En la mayoría de los casos en que la Biblia se refiere a creer o a tener fe, podríamos emplear
cualquiera de las dos palabras indistintamente. La palabra hebrea que más se traduce como
"creer" en el Antiguo Testamento, según el Diccionario Expository de palabras bíblicas: "gira en
torno a los conceptos de convicción, fe y confianza; términos que en general son sinónimos.
Igualmente, en el Nuevo Testamento en la mayoría de los casos, los significados de ‘convicción’ y
‘fe’ son equivalentes" para la palabra griega que más frecuentemente se traduce como "fe".

Tal "semejanza" puede llevarnos a pensar que de hecho no hay ninguna diferencia entre los dos
conceptos. En realidad, la idea de que convicción y fe son esencialmente lo mismo es un principio
central del protestantismo, según el cual, para ser salvo basta "creer" en el nombre de Jesucristo.

Hechos 16 es un ejemplo del Nuevo Testamento que se cita para decir que creer es lo único
necesario para la salvación. El apóstol Pablo y su compañero Silas habían sido puestos en prisión
en la ciudad romana de Filipos, que actualmente pertenece a Grecia.

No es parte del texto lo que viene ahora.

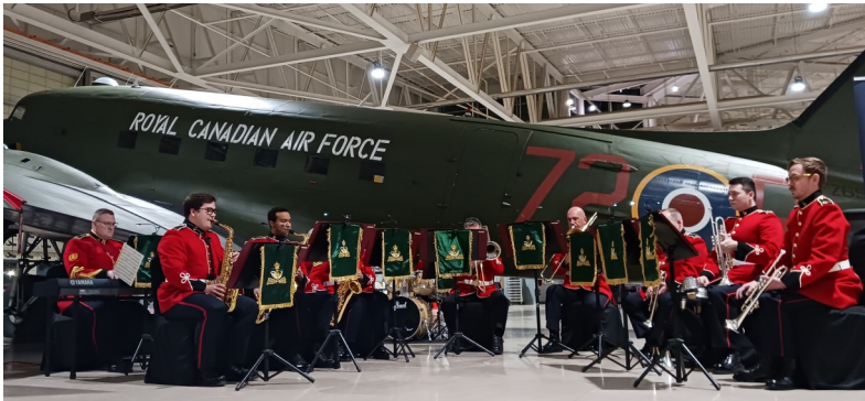
Entertainment for the evening was provided by the Band of the Royal Hamilton Light Infantry.
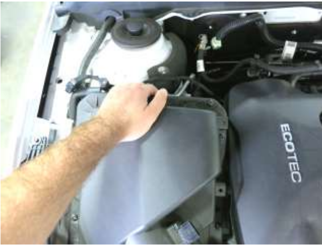
e. Pull up and remove the air box and tube assembly from the engine compartment. The tube will slip off of the turbo after lifting up on air box.
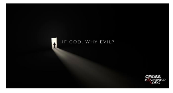
click graphic for presentation 1 Blog
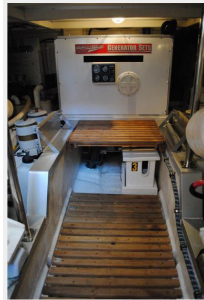
Engine Room Looking Aft
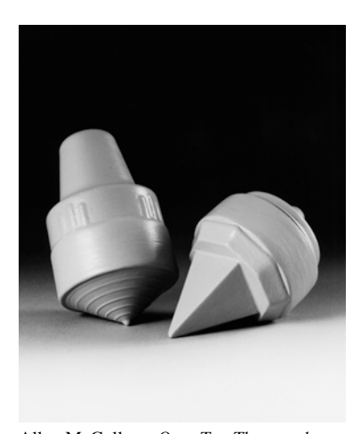
Allan McCollum. Over Ten Thousand Individual Works (detail). 1987-88. Enamel on cast Hydrocal, 2" diameter each, lengths variable.

In 1987 I began a series called "Individual Works," which addressed the notion of the unique versus the mass produced object probably more than any other series did. I
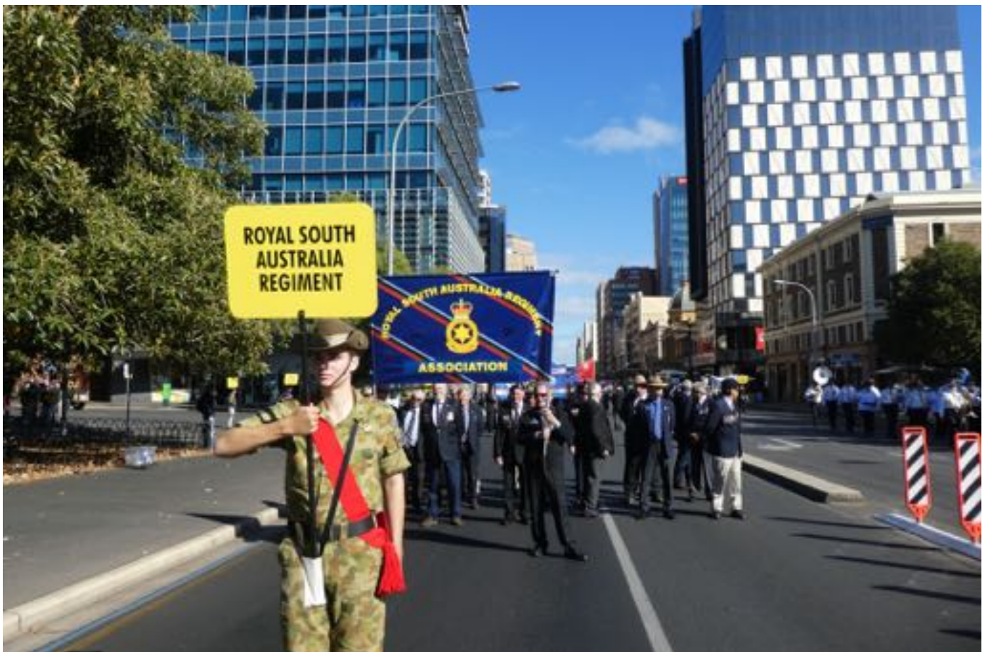
BELOW: The Association forming up prior to the Adelaide 2019 ANZAC Day march
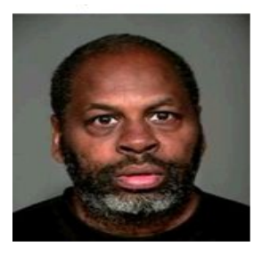
Charge/Offense Prior code: rape by force.
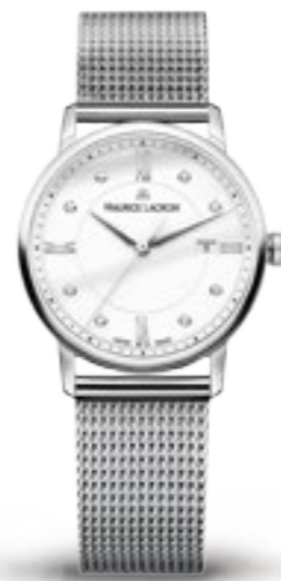
DATE LADIES EL1094-SS002-150-2

Quartz movement Ø 30mm stainless steel case
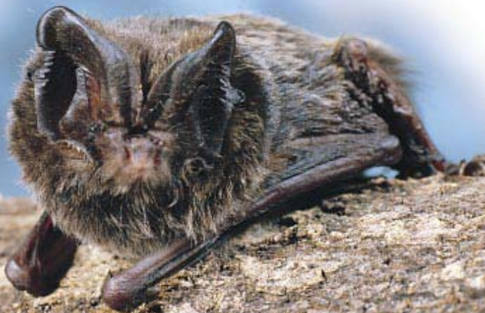
Barbastelle bat, one of our rarest species.

Each species has its own preferred types of roost. Some are almost always found in buildings, others rely on buildings during the summer and caves or mines during the winter whilst others prefer trees. Bats have well-established traditions and they tend to return to the same sites at the same time year after year. For this reason, their roosts are legally protected even if the bats don't seem to be there when you look.
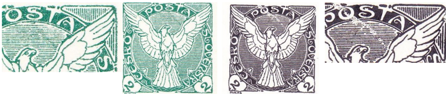
Left: TD 5, ZP 96.

On ZP 96 TD 5, the upper right corner and background lines under the inscription POŠTA are deformed. These features of ZP have so far been considered as plate flaws caused during the production of the printing plate by etching. However, the finding of a trial print in black on coated paper proves that this is a retouch of the original's much more striking defect.
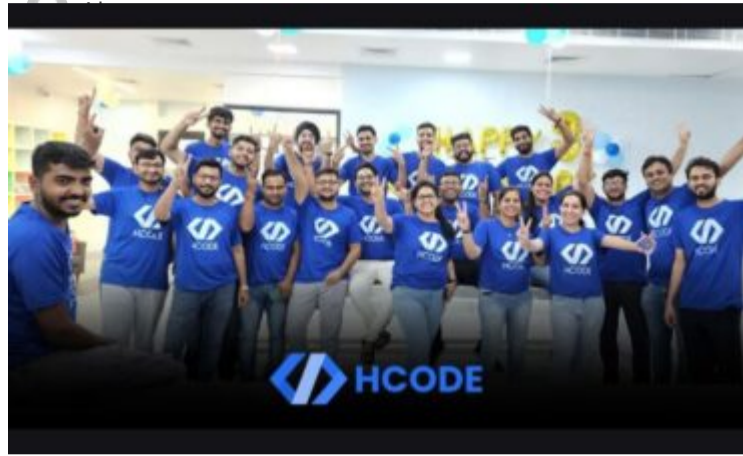
An IT Company By IITians In Karnal Takes Their Team To Thailand
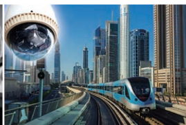
ITS (Intelligent Transportation System)
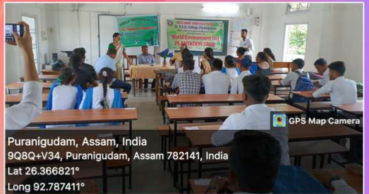
Puranigudam, Assam, India 9Q8Q+V34, Puranigudam, Assam 782141, India Lat 26.366821° Long 92.787411°
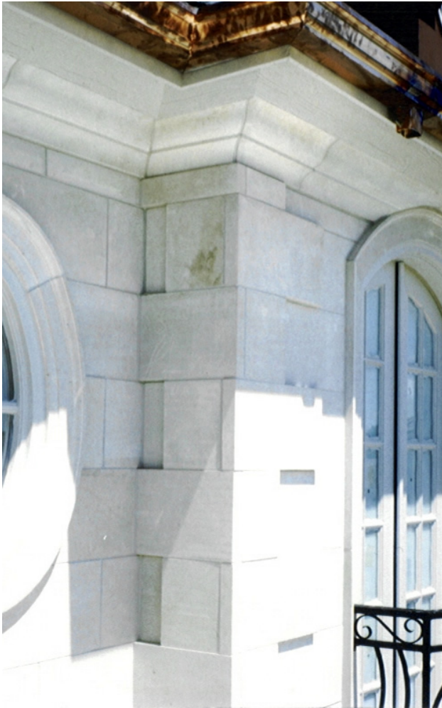
Quoined Corner (See p. 2.1.1 of ALC Solution Manual)
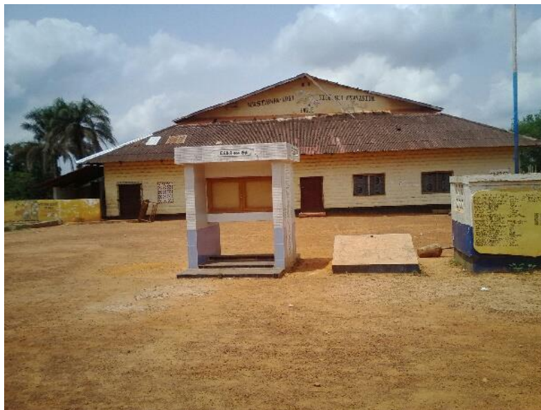
Tubman-Gray High School Eagles Gymnasium, venue of the Upcountry Basketball Tournament
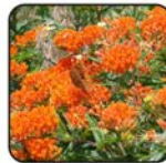
Butterfly Milkweed Asclepias tuberosa
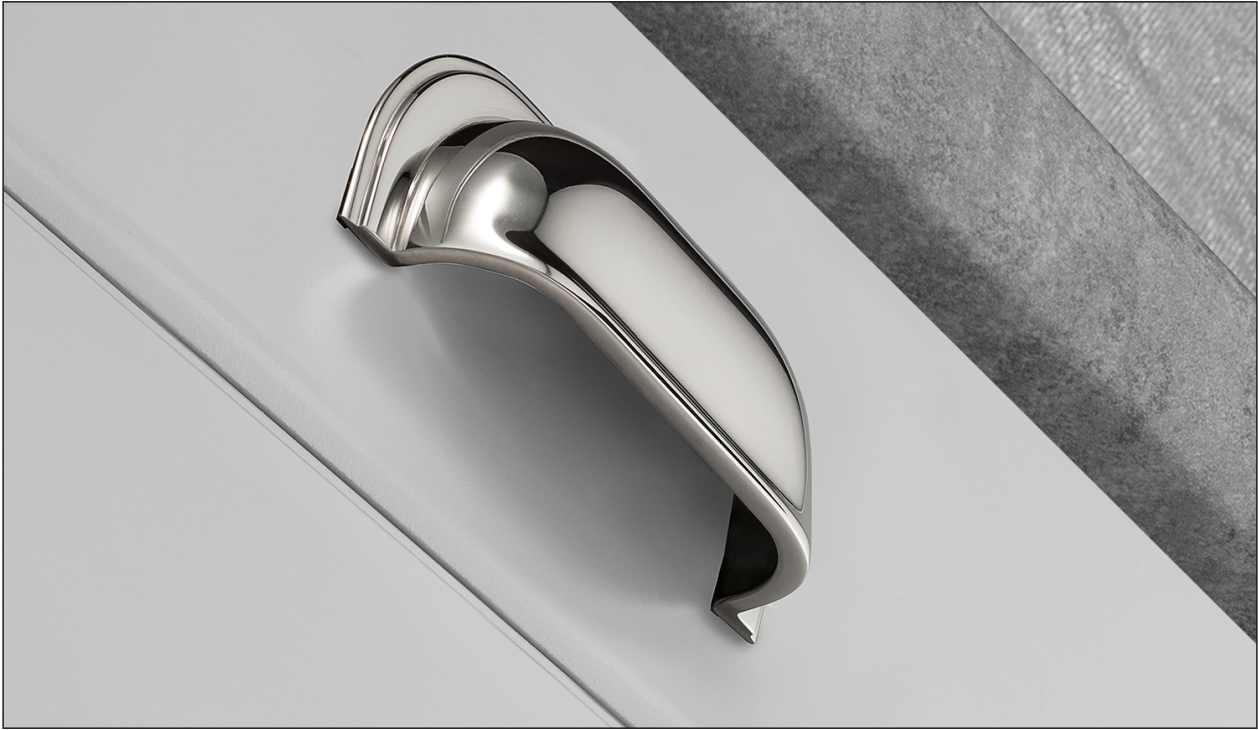
Polished Nickel (Finish ID : 8)

Estando los dos orando y
cantando himnos a Dios a la medianoche, hubo un temblor de tierra que abrió todas las puertas de
la cárcel y soltó las cadenas de los prisioneros. El carcelero se despertó con la conmoción y pensó,
confundido, que todos los detenidos habían escapado. Estaba a punto de suicidarse porque sabía
que la evasión de los prisioneros bajo su guardia significaba su propia ejecución. PeroPablo detuvo
al hombre asegurándole que todos los prisioneros estaban allí. Extrañado por los hechos y
convencido de que Pablo poseía la verdad sobre la salvación, el carcelero "se precipitó adentro, y
temblando, se postró a los pies de Pablo y de Silas; y sacándolos, les dijo: Señores, ¿qué debo
hacer para ser salvo?" (Hechos 16:29-30).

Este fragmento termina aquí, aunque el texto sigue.